Records section start
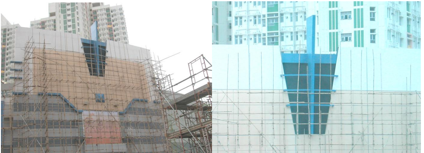
圖片顯示：天恩區的幼兒園所處的「天恩商場」外牆中央出聳立了一個類似十字架標誌的物體。

堂會發展至今，我們已有 110 多位成人肢體到來聚會，若連青少年及兒童的會眾人數計算在內，到來主日聚會已達至約 160 多人；另再上一些不能返主日崇拜而又有追求真理的街坊朋友，本堂所牧養的人數已超過 200 多人。由於我們繼續不斷地進行個人佈道的工作，因此信主的人數亦不斷上升，以致我們目前的地方已呈現水洩不通的現象。有鑒於此，我們正密切開拓新福音據點的機會。目前，本堂的牧養工作已漸受天水圍街坊認識及接受，我們見到弟兄姊妹願意被興起來事奉主外，我們也見到教會中得救及初信主的人數不斷增加；在崇拜地方方面，除見到神為我們預備了青年會幼稚園一個寬敞的敬拜地方外；在不久將來，當天恩區幼兒園落成後，本堂更可有另一處地方聚會，料教會人數會不斷增長。現今我們看到天恩區的幼兒園所處的商場已命名為「天恩商場」，當中有一個現象使我們感到非常驚訝的，事因該商場的外牆中央，竟然聳立了一個類似十字架標誌的物體。當我們看到這類似十字架標誌的物體時，便隨即向上帝獻上讚美的呼聲：「哈利路亞！」我們在此體會到上帝要在水圍天恩區彰顯祂的救恩；我們真的盼望天恩區的每一位居民仰望這十字架時，他們就能得著救恩及醫治。當我們經歷到上帝不斷從天上降下豐沛的恩典時，我們也不為眼前的困境而沮喪及退縮，反而願意天天背負自己的十字架，緊緊靠著主向前行，實踐祂的使命。
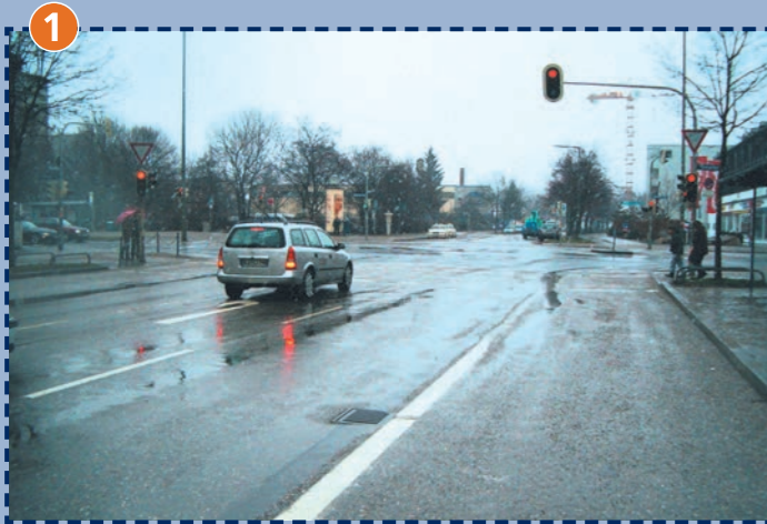
Kreuzung Moosacher Straße/Riesenfeldstraße
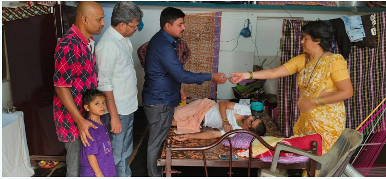
ఉంటారని ఈ సందర్భంగా తెలిపారు.
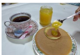
レモンスプレッド "spread" 塗り広げる意味
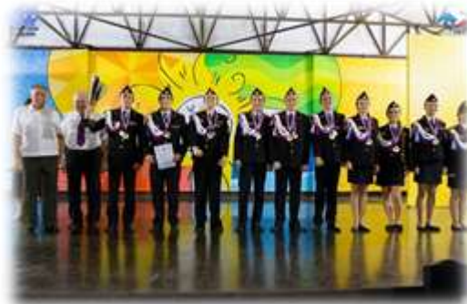
Победители Всероссийского фестиваля творчества кадет «Юные таланты Отчизны»
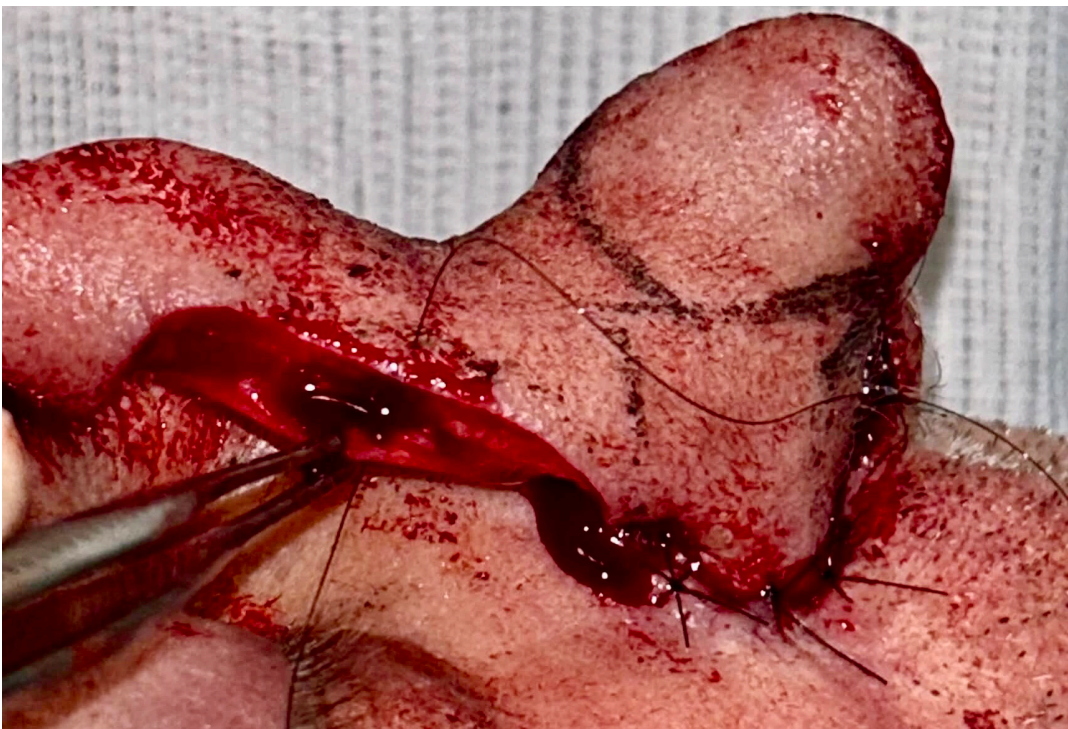
FIGURA 2: Ponto simples interrompido unindo as porções superior (pele) e inferior (fáscia) do pedículo
Records section end
Your assignment:
Every line between the one containing "Победители Всероссийского фестиваля" and the end of the listing, both included, needs to be retyped exactly, minus the pictures.

Answer space:
Победители Всероссийского фестиваля творчества кадет «Юные таланты Отчизны»
FIGURA 2: Ponto simples interrompido unindo as porções superior (pele) e inferior (fáscia) do pedículo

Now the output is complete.